本文主要介绍ROI提取结构在目标检测框架中的作用,并结合源码,理解它的实现方式。包含的算法有:ROI-pooling,ROI-align,Deformable-psroi-pooling。
目前,主流的目标检测算法大致分为2种,one-stage和two-stage方法。
- one-stage:典型代表为SSD,相当于two-stage中的rpn结构,先通过基本的特征提取网络如resnet或vggnet得到特征图,再通过5层的卷积得到目标位置和类别。这种方法计算速度快,但是精度较two-stage方法差一些
- two-stage:典型代表为Faster-rcnn。其结构分为RPN(Region Proposal Network)和RCNN(Region Convolution Neural Network)两个部分。RPN的特征通过ROI-Pooling层传递到RCNN中。

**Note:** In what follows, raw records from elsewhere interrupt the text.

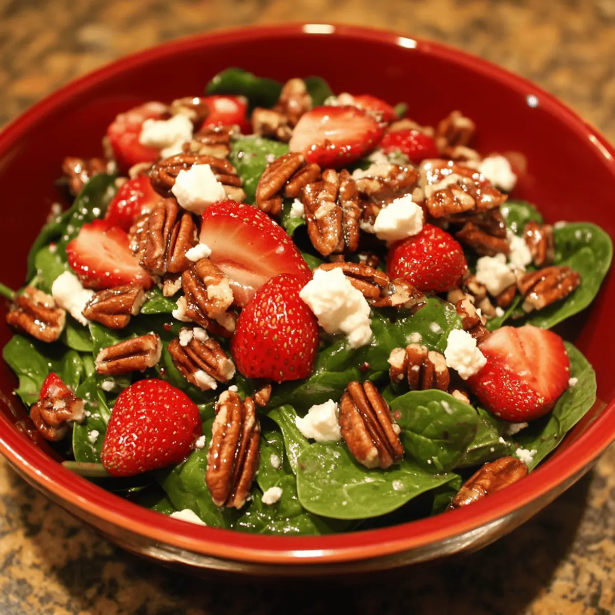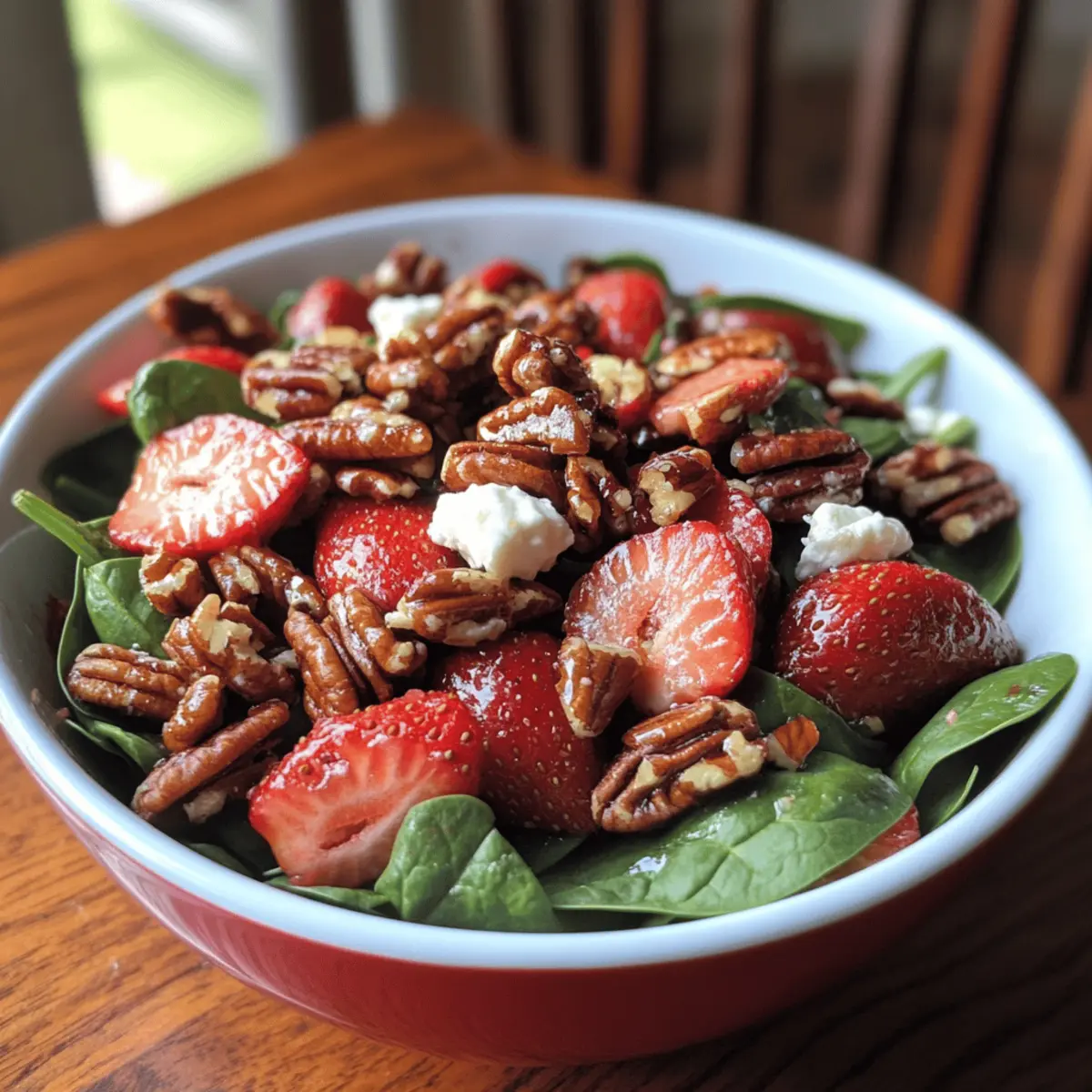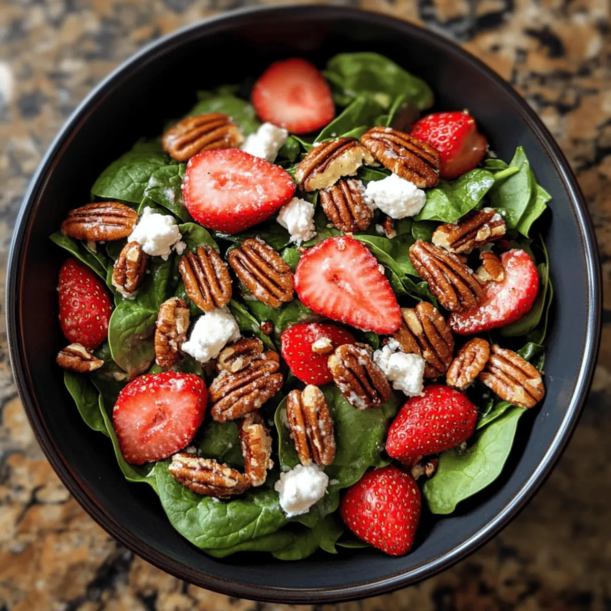 Freshness that pops: Juicy strawberries and crisp baby spinach create a vibrant base. Perfect crunch: Candied pecans add a sweet, crunchy contrast that keeps every bite exciting. Creamy indulgence: Tangy goat cheese balances the sweetness with rich creaminess. Quick & easy: Ready in minutes, ideal for busy nights or last-minute guests. Versatile delight: Pairs beautifully with grilled meats or stands alone as a light meal.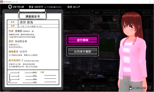 诱拐城镇冷狐版是一款融合商业模拟与角色扮演元素的日系风格手游。游戏中,玩家将扮演一名夜店老板,在经营夜店的同时,通过招募并培养年轻女孩,提升店铺吸引力,逐步扩展自己的商业帝国。游戏以高度自由的模拟养成玩法为核心,结合丰富的剧情和多线展开的故事情节,为玩家带来沉浸式的游戏体验。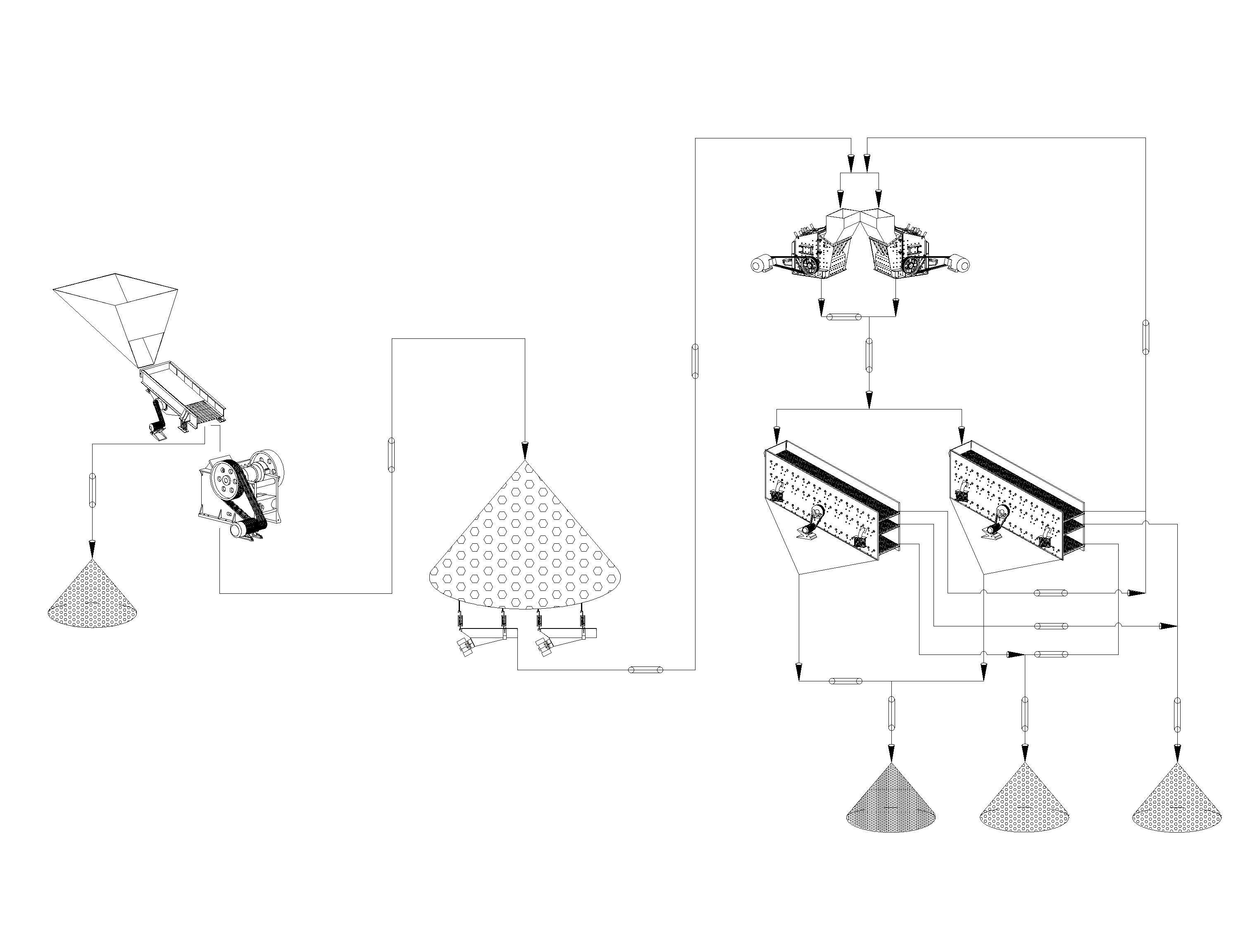 首先开采的鹅卵石通过振动筛进行筛分,将细小的符合要求的通过洗砂机直接制成成品料、不满足粒度要求的先通过颚式破碎机进行一级破碎,然后通过皮带机送入到圆锥破中进行二级破碎,破碎后的物料再次通过振动筛进行筛分,符合要求的通过洗砂机进行洗砂,不符合的物料通过皮带机送入到鹅卵石九游老哥J9俱乐部官网中进行制砂、整形。再由振动筛进行筛分,降符合要求粒度大小的物料进行洗砂,不符合要求的物料再次通过鹅卵石九游老哥J9俱乐部官网进行循环破碎,终得到成品物料。

本文介绍的方法,仅出现在two-stage的方法中。顾名思义,该层的作用就是将RPN中提取的位置,截取特征图中特征用于进一步的分类和定位。
ROI-Pooling
Roi-pooling是Faster-rcnn原版使用的特征提取方式,论文在此。这里用动图来说明roi-pooling的过程(动图来源)
从上图看出,ROI-Pooling层的输入有两个:RPN层得到的位置和特征提取网络得到的特征。参数有pooling结果的宽高。
好了,下面结合图片来理解ROI-pooling代码,代码来源是pytorch-fasterrcnn项目,由于是cuda代码,所以如果你看了另外支持自定义operation的框架(如caffe,mxnet等)的roipooling实现方式,就会发现它们是完全一致的。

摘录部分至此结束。